I don't know when the fear stops. For me, it hasn't. The math says I never have to work again, but I am still scared. I quit anyway, because the alternative is worse. I am hoping a path to the level 7 retirement goal emerges. I think that, plus time away from corporate culture, might heal my insecurity.

I agree it's easy to misuse a maturity model. Assigning level based aspiration or derision is the most common problem I've observed.

black_son_of_gray wrote:
Sat Mar 27, 2021 5:57 pm
So really, as a communication tool, the level required to read and understand the scale should not be higher than the lowest levels on the scale. Otherwise, there is no way that it will be intelligible to the vast majority of people###. Let's just say I disagree with the idea that one shouldn't be able to comprehend higher levels until they are approaching it.
It's not that the messenger has failed to deliver their communication, it's that the recipient knows they are wrong. No amount of rewording is going to cause the aha! moment. A lived experience needs to happen.

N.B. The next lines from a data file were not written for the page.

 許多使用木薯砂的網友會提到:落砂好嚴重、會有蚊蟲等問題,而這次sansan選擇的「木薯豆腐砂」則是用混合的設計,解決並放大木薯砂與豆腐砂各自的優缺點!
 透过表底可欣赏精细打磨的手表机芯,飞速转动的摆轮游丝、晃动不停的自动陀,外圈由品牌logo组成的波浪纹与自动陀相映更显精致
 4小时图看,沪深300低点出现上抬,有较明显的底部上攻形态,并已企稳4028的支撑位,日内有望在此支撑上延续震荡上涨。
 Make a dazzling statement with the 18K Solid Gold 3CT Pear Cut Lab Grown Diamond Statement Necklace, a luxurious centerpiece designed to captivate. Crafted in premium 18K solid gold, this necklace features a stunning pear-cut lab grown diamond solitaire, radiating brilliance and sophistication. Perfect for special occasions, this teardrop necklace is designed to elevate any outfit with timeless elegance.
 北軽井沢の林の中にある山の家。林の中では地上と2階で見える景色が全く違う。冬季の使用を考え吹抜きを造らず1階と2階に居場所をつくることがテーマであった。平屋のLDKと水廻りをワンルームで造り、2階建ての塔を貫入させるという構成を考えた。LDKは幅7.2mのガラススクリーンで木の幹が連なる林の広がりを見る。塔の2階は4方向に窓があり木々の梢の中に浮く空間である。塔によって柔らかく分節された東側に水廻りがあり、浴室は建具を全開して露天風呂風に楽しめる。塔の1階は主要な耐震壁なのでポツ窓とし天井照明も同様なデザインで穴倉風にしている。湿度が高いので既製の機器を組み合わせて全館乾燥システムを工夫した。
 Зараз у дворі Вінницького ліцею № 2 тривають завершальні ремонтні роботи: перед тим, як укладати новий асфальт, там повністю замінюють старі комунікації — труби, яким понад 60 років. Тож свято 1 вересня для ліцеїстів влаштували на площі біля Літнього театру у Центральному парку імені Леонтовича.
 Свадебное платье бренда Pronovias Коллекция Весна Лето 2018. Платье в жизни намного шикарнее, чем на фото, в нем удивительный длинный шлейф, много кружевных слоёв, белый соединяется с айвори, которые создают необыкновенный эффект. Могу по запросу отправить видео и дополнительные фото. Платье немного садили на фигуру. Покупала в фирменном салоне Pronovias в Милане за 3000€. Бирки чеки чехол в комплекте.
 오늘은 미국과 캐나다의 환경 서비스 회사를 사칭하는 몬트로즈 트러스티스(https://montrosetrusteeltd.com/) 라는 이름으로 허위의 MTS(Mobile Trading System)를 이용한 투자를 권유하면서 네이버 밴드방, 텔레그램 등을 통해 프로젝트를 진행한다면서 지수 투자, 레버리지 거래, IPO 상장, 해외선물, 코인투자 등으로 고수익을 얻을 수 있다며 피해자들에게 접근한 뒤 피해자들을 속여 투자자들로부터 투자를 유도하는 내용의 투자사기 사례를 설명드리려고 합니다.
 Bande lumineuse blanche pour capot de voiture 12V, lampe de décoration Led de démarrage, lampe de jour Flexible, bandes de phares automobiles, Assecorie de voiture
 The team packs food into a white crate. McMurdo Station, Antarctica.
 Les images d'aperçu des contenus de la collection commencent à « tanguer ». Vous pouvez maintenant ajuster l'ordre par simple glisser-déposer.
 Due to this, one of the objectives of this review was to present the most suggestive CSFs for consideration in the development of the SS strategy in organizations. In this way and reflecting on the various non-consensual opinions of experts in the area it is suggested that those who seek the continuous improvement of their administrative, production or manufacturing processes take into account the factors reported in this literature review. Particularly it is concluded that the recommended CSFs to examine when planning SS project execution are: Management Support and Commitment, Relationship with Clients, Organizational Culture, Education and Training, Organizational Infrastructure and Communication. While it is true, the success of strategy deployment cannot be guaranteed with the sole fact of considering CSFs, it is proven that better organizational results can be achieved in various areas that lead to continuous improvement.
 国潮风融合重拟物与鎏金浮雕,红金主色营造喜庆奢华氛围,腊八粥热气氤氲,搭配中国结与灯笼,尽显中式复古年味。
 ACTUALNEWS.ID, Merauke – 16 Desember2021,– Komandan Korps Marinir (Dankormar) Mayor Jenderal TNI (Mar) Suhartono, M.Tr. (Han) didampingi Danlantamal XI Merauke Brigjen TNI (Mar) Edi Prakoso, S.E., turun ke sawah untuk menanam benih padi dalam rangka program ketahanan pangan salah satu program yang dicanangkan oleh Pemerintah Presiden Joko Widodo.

Jacob's been using comparative advantage vs. DIY as an example lately. I think that's a great one, because I personally fell prey to it. I know his material, to the point where I've read a large minority of the secondary sources. I could explain 95% of his content from the recent podcasts.

Until 2020, I thought the emphasis on DIY was an overly principled stand. Like if he's into wood working, that's cool, but let's not pretend it really matters. Anyone with a little money can just pick up the phone and solve their problem.

One year into a pandemic? The reasons are obvious. Convincing me is trivial.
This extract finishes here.